The original motivation came from the wish to use a file containing a list of IDL assignments as a configuration/input file to IDL packages. This, however, indicates EXECUTE has to be used to process the file, which is not ideal due to the fact that the IDL virtual machine does not allow EXECUTE.

MIDLE is designed to fill the gap. It initially focused only on the right-hand-side of the = sign, i.e. the expression and was later decided to support full assignment statements as well as procedure calls. It now has a broader scope than what it was originated from. For an example, it is possible to use MIDLE as a simple scripting engine to GUI applications running in IDL virtual machine. This opens the possibility to script the application using IDL scripts. It can also exposes some powers of the underlying IDL language to end users who do not own IDL licenses.

It is also worth to note that MIDLE is not envisioned to be fast or memory efficient (at least not now). For situations where EXECUTE is needed, you are hardly looking for performance anyway (if you are, you may want to re-think the design of the program). As a semi-replacement of EXECUTE, MIDLE is meant to be flexible and it is pretty good at its own job. In addition, MIDLE does not re-compile any routines, which means it could be faster than EXECUTE in some situations.

Installation

  1. Get the code from the git repo:

    $ git clone git@github.com:ywangd/midle.git
  2. Add the src folder to your IDL path. This can be done by either setup the IDL_PATH environment variable, or use the preference menu in IDE, or some other ways your prefer.

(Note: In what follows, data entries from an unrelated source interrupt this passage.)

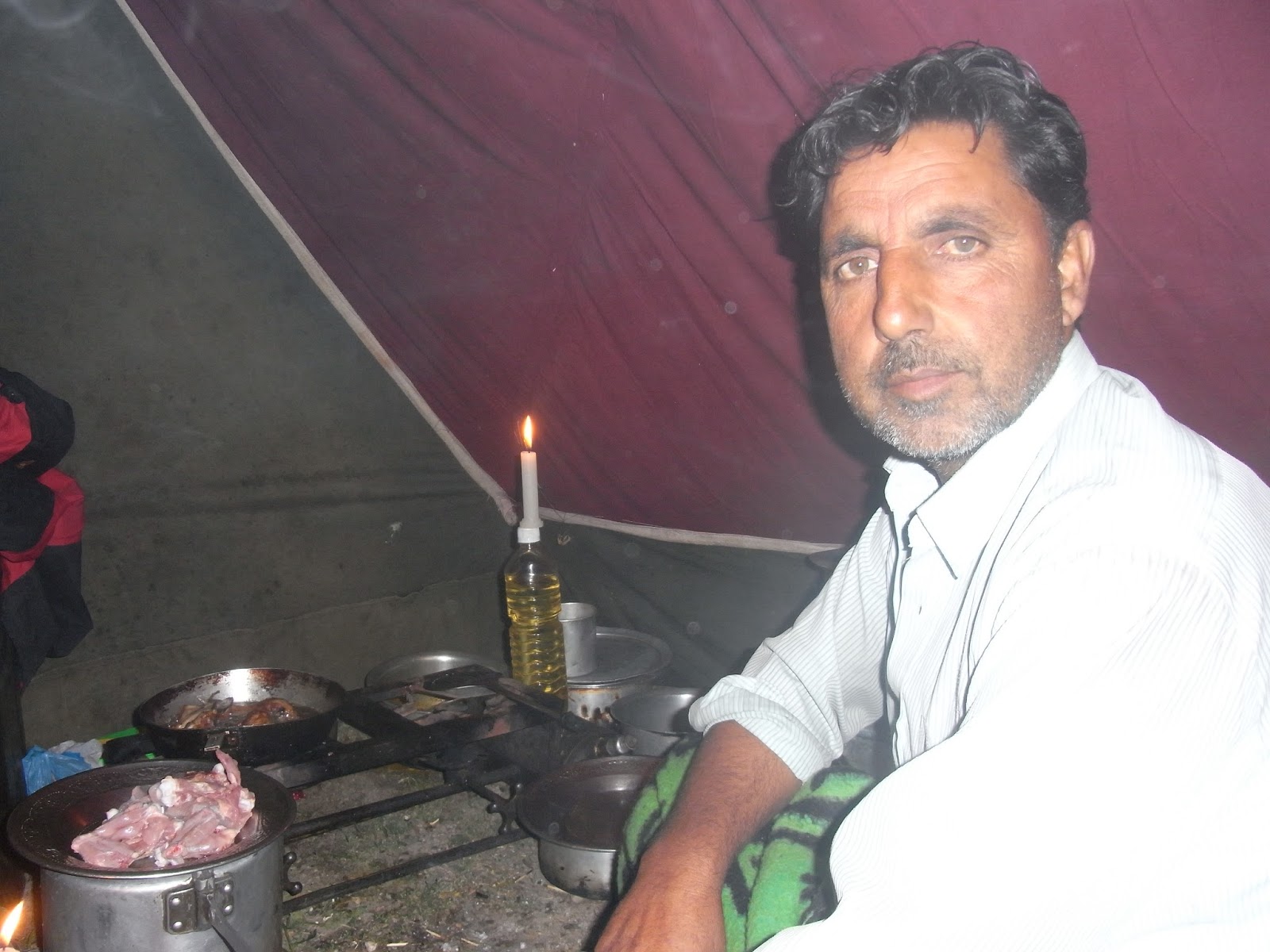 Etwas unterhalb war ein weiterer Gebirgssee sichtbar. Wir waren von einer gewaltigen Bergkulisse eingerahmt. Wir legten eine kurze Rast ein und nahmen ein kleines Mahl zu uns: gekochtes Gemüse und Kartoffeln, Eier, Toast und Marmelade.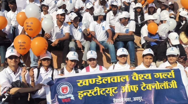 16 दिसंबर, जयपुर। खण्डेलवाल वैश्य गर्ल्स इंस्टीट्यूट ऑफ टेक्नोलॉजी (केवीजीआईटी) की एनएसएस स्वयंसेविकाओं एवं कार्यक्रम अधिकारियों ने राज्य स्तरीय सड़क सुरक्षा अभियान के भव्य शुभारंभ में सक्रिय सहभागिता निभाई। इस अभियान का शुभारंभ माननीय मुख्यमंत्री श्री भजन लाल जी द्वारा हरी झंडी दिखाकर तथा वाहनों पर रिफ्लेक्टर लगाकर किया गया। इस अवसर पर मुख्यमंत्री ने उपस्थित जनसमूह को सड़क सुरक्षा नियमों की पालना हेतु संकल्प भी करवाया। कार्यक्रम के अंतर्गत अमर जवान ज्योति से एक भव्य वाहन रैली निकाली गई, जिसका उद्देश्य आमजन को सड़क सुरक्षा के प्रति जागरूक करना रहा। कार्यक्रम में माननीया सांसद मंजू शर्मा एवं माननीय उप – मुख्यमंत्री श्री प्रेमचंद बैरवा की गरिमामयी उपस्थिति रही। इस अवसर पर केवीजीआईटी की प्राचार्या डॉ. अंजू गुप्ता ने कहा कि सड़क सुरक्षा एक सामाजिक दायित्व है तथा एनएसएस की स्वयंसेविकाएँ समाज में सकारात्मक परिवर्तन की सशक्त संवाहक हैं। कार्यक्रम के दौरान केवीजीआईटी एनएसएस की स्वयंसेविकाओं एवं कार्यक्रम अधिकारियों ने अनुशासित एवं उत्साहपूर्ण सहभागिता के साथ जन-जागरूकता गतिविधियों में भाग लिया और सड़क सुरक्षा नियमों के पालन का संदेश दिया। उनकी सक्रिय भागीदारी ने अभियान को सफल बनाने में महत्वपूर्ण योगदान दिया।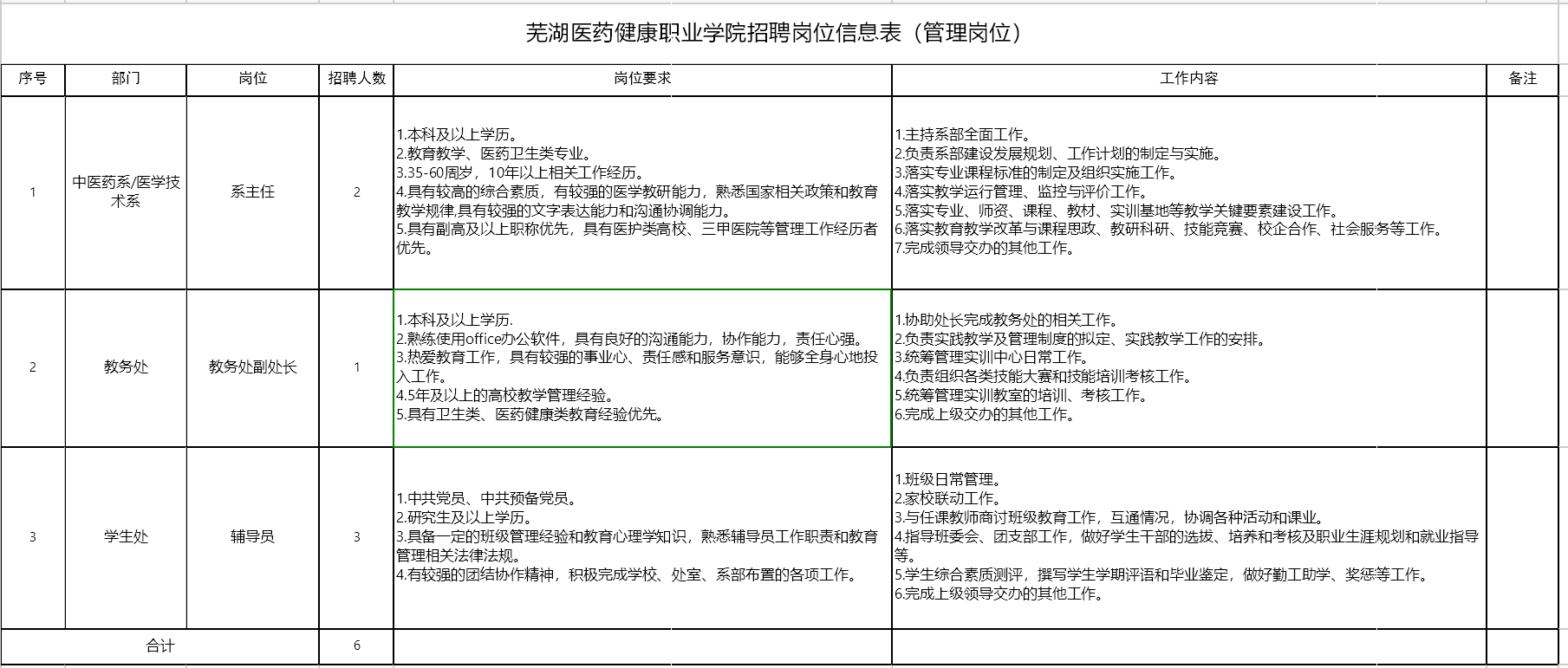 芜湖医药健康职业学院是经安徽省人民政府批准、教育部备案的一所全日制综合类高职院校。学院坐落于芜湖市湾沚区滨湖大道3号,占地400余亩。学院紧密对接省、市十大战略新兴产业中的“生命健康”“文化创意”“绿色食品”三大领域设置专业,以医药卫生、健康服务、康养旅游、幼儿教育与休闲体育等为主,立足芜湖、面向皖东南、辐射长三角。设有护理、中医康复技术、医学美容技术、药品生产技术、中药学、药学、婴幼儿托育服务与管理、健康管理、医疗器械维护与管理、人工智能技术应用等专业。学院坚持立足地方、依托地方、服务地方、发展地方的办学宗旨;坚持教育的公益性原则,强化服务发展宗旨与促进就业导向,推进产教融合、校企合作、工学交替、医教协同,培养德技双馨、扎根基层一线、德智体美劳全面发展的医药卫生和健康服务类高素质技术技能人才,全面服务地方经济社会发展和人民健康美好生活。2.教师岗位:专业带头人3人、思政2人、基础护理3人、专科护理2人、医疗美容技术1人。具体招聘要求详见附件《芜湖医药健康职业学院招聘岗位信息表》。热爱祖国,忠诚党和人民的教育事业。关爱学生,有较高的思想政治素质和职业道德水平。自觉遵守国家法律法规和学院各项规章制度,求真务实、敬业乐业、甘于奉献。1.学历及年龄:本科及以上学历,师范类、医药卫生类专业优先,年龄参照岗位信息表中具体要求,具有副高及以上职称的年龄可放宽至65周岁。2.管理岗位:有一定的文字功底,熟练掌握办公技能,具有较强的业务能力、组织协调能力和管理能力,具有较丰富的社会实践活动经验,教育教学、实践经验丰富,有高校工作经历者优先录用。所有报名程序线上完成,一人限报一岗,报名截止时间即日起至岗位招满为止。3.学历、学位、教师资格证、执业资格证书、专业技术职务资格证、各类荣誉和获奖证书等证件。应聘人员对提交材料的真实性负责。凡个人填报信息不实,不符合招聘岗位要求的,一经核实,即取消考核或聘用资格。以上三类材料均提供清晰彩色扫描件,按照顺序分类生成PDF文件。三类材料打包压缩,统一命名为“姓名+拟报名岗位名称”(一人限报一岗)发送至指定邮箱。(whyyjkzyxyzzrsc@qq.com)院组织人事处会同相关处室及用人单位,根据学院相关文件精神、岗位要求和应聘者自身条件进行资格审查,并通知资格审查合格者参加考核(审查未通过者,学院不再逐一通知)。考核主要考察应聘人员基本素质,内容包括自我介绍、技能测试和相关问题答辩等。学院根据考核成绩高低排序确定拟录用人员。拟聘及递补人员须按时到学院指定的医院进行体检,体检工作按《关于进一步规范全省事业单位公开招聘人员体检工作的通知》(皖人社秘〔2013〕208号)等有关规定执行,有关费用自理。根据拟聘岗位的要求,全面了解掌握拟聘对象在政治思想、道德品质、遵纪守法、廉洁自律等方面的情况,政审不合格者不予聘用。体检合格的拟聘人员,学院将与其签订劳动合同,签约后相关执业资质和党员关系统一转至学院。辅导员综合年薪8-18万;教师综合年薪10-18万;管理干部综合年薪10-20万;专业带头人综合年薪18-30万。福利:五险一金、节日慰问、生日福利、公寓式住房、精致员工餐、带薪休假、公费旅游、工作服、电脑补贴、提供全面的专业培训及完善的晋升平台。(1)按照《湾沚区关于促进人才安居乐业推进航空新城建设的意见》(湾政办〔2024〕1号)符合条件的高层次人才可享受购房补助:①具备博士学历毕业生或具有正高级专业技术资格的人才,给予总房款 12%、契税 100%的奖励。②具备硕士学历毕业生或具有副高级专业技术资格、高级技师技能等级的人才,给予总房款 10%、契税 100%的奖励。③具备本科学历毕业生或具有中级专业技术资格、技师级技能等级的人才,给予总房款 7%、契税 100%的奖励。(2)按照《芜湖市湾沚区“产学研创”人才政策十八条的通知》(湾人社〔2023〕29号)符合条件的享受以下政策:①就业补贴。毕业两年内的高校毕业生,首次在区内企业(含民办非企业)稳定就业6个月以上,按照本科、硕士及以上学历,分别给予每年8000元、10000元的就业补贴,补贴期限不超过2年。②周转金支持。为本科以上学历的高校毕业生提供乐业周转金,在区内购买商品住宅房,最高给予20万元支持,最长周转期限10年,5年免息,5年低息。③安居生活补贴。在区内企业(含民办非企业)稳定就业满6个月的高校毕业生,首次在区内购房并落户,给予1000元/月的生活补贴,补贴期限不超过2年。(3)院校聘用人才为高级管理人才在子女就学方面开辟“绿色通道”予以倾斜。咨询时间:9:00-11:00 14:30-17:00(工作日)

IDL 8.0 or up is required as 8.0 features (e.g. !NULL, Hash, List, isa) are used extensively. Version 8.3 is recommended for the new Dictionary class. A drop-in replacement of the Dictionary class is provided with the package so MIDLE can run with 8.0, 8.1 and 8.2. If you have access to IDL 8.3, remove dictionary.pro to ensure the built-in Dictionary class is used.

Usage

The basic usage is to simply pass a string of IDL statement or expression to midle. Here is the classic Hello World example:

print, midle('"Hello, World!"')

A procedure interface is also available if the return value is of no interest.

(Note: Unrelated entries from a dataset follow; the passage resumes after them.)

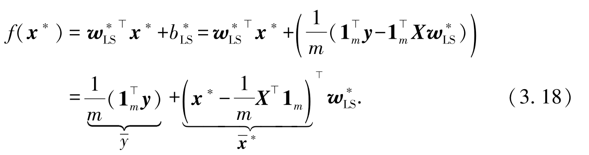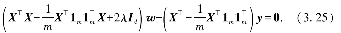 习题注释 本小题主要考查对线性回归模型推导的理解.在求解过程中,需要理解为什么通过设置偏导为0得到最优解,同时也要注意需要联立关于 w 和 b 的偏导为0的等式.矩阵形式的闭式解更加紧凑,也能够作为后续其他模型推导的基础.矩阵的求导方式可参考文献[1].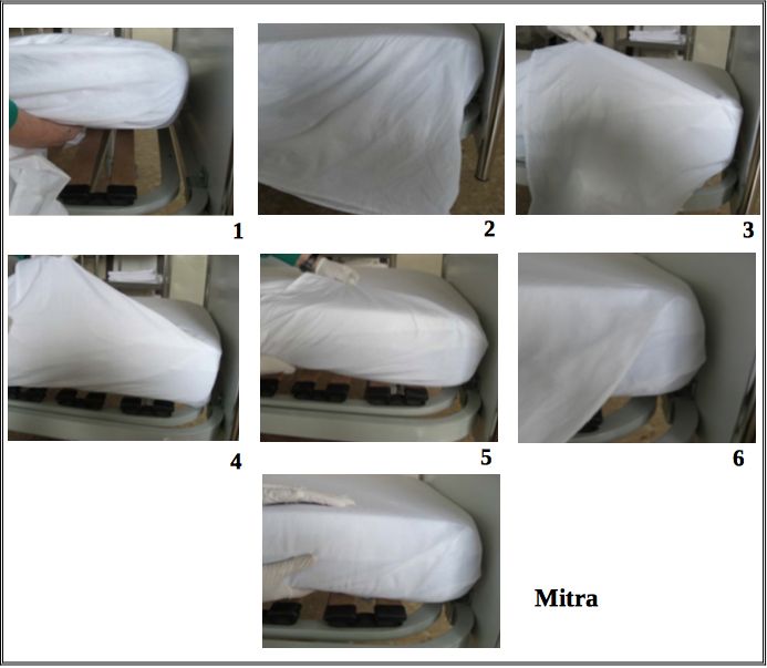 - Col·locar el llençol de sobre net sobre el pit del pacient i anar-lo estenent alhora que es retira el brut. No ha de quedar mai destapat. Ha de quedar roba sobrant a la part superior per poder veure la gira del llençol.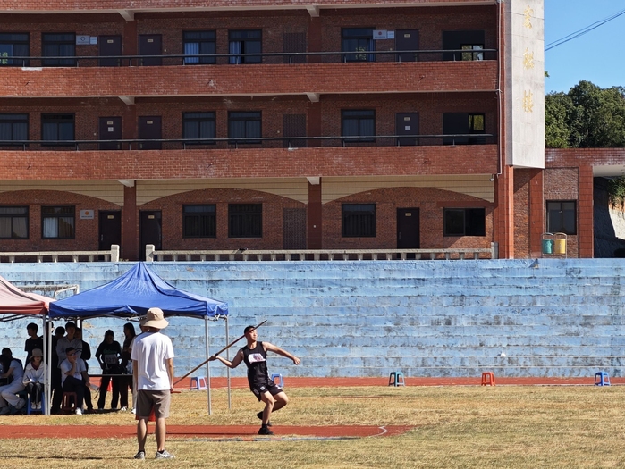 11月15日上午,仰恩大学第三十三届运动会男子标枪预决赛于第一教学区田径场举行。m豆传媒星空无限2024级学生郑迪星同学参与了此次比赛。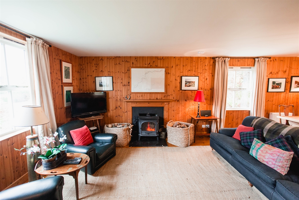 The spacious sitting room and dining area is wood-panelled throughout and the log-burning stove and traditional furnishings lend the room a cosy ambiance. A well equipped kitchen, three exceptionally spacious bedrooms (two twins and one double), and a bathroom and shower room ensure comfortable accommodation for up to six guests. Modern casement windows and full central heating help to keep the Highland chill at bay.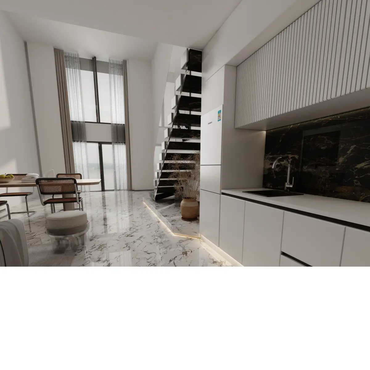 This is a modern kitchen and dining interior 3D scene made in 3ds Max and rendered with Corona Renderer. The design includes a high-ceiling open space with a marble floor, full-height windows, and a white minimalist kitchen with built-in lighting.

midle, 'print, "Hello, World!"'

An array of strings can be passed to MIDLE and they will be evaluated in order:

midle, ['print, "STAR"', 'print, "WARS"']

Multiple statements can be written in one line and separated by &:

midle, 'print, "STAR" & print, "WARS"'

MIDLE also takes a filename and evaluates its content line by line. If input1 contains following content:

; This line is a comment
print, 'A long time ago ', $
    'in a galaxy far, far away ...'
print, 'STAR'  ; trailing comments 
print, 'WARS'

Note that comments and line continuation are both permitted. To evaluate the file, specify the filename and set the file keyword.

midle, 'input1', /file

An input file can optionally contain other input files by using the @ directive. For an example, the content of file input2 is as follows:

print, 'before input1'
@input1
print, 'after input1'

The file inclusion can be nested and MIDLE will recursively expand all file inclusions. The file to be included can be given as relative path as shown above or as a full qualified path such as @/home/user/input1. If file name or path contains whitespace, double or single quotes can be used as @"/home/user/input 1". Note that expansion of included files is done in a pre-process step and is not a function of the parser. This also means the @ directive can only be used in file input.

A second argument can be used to pass values to variables in the expression. This argument, called env variable for the rest of the document, is the runtime environment for variable lookup. It can be either a structure or a hash like object.

env = {num: 50}
print, midle('indgen(2,3,4, start=num)', env)

env = hash('x', 42)
print, midle('indgen(x)', env)

Procedure call is supported. Note that a procedure call always returns the !NULL value if the function version of MIDLE is used.

print, midle('plot, indgen(50, start=100), /ynozero')

Alternatively, the procedure version can be used:

midle, 'plot, indgen(50, start=100), /ynozero'

Almost all arithmetic, logical, bitwise, relational, matrix, ternary operators are supported. The exceptions are compound operators such as ++, += and pointer de-reference *pointer.

print, midle('-2.2 - 2 mod ((42. + 22) ^ 2 > 3 - 4.2) * 2.2 / 2.4')

env = {x: 42}
print, midle('x eq 42 ? indgen(5, start=x) : indgen(5)', env)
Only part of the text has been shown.